Computational study of the structure, UV-vis absorption spectra and conductivity of biphenylene-based polymers and their boron nitride analogues

In the present study, we calculated the electronic and spectral properties of the one- and two-dimensional carbon and boron nitride materials composed of four-, six- and eight-membered rings (the (4, 6, 6, 8) topology) on the basis of density functional theory, including the band structure analysis for the infinite structures. We found that biphenylene-based two-dimensional (2D) sheets and zigzag-type biphenylene-based one-dimensional (1D) ribbons exhibit a semi-metal character. At the same time, the armchair 1D biphenylene-based ribbons possess a narrow-band-gap structure, while boron nitride 2D sheets, 1D zigzag- and armchair-type ribbons exhibit a wide-band-gap semiconducting nature. Simple single-point calculations with a periodic boundary condition generally underestimate the band-gap values in comparison with band structure calculations accounting for the supercell optimization. But in the general case, both approaches provide a correct explanation of the band-gap value.
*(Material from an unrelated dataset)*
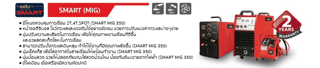 พลัง SMART MIG 350 เครื่องเชื่อมอินเวอร์เตอร์มิก/แม็ก 220V

In this work, we also performed for the first time computational modelling of a novel porous biphenylene-based wide-band-gap carbon allotrope, which demonstrated the complexation ability relative to metal atoms forming the metal-carbon intercalates. We calculated electronic and spectral properties of the 1D and 2D carbon and boron nitride materials composed of four-, six- and eight-membered rings by the DFT approach, including the band structure analysis.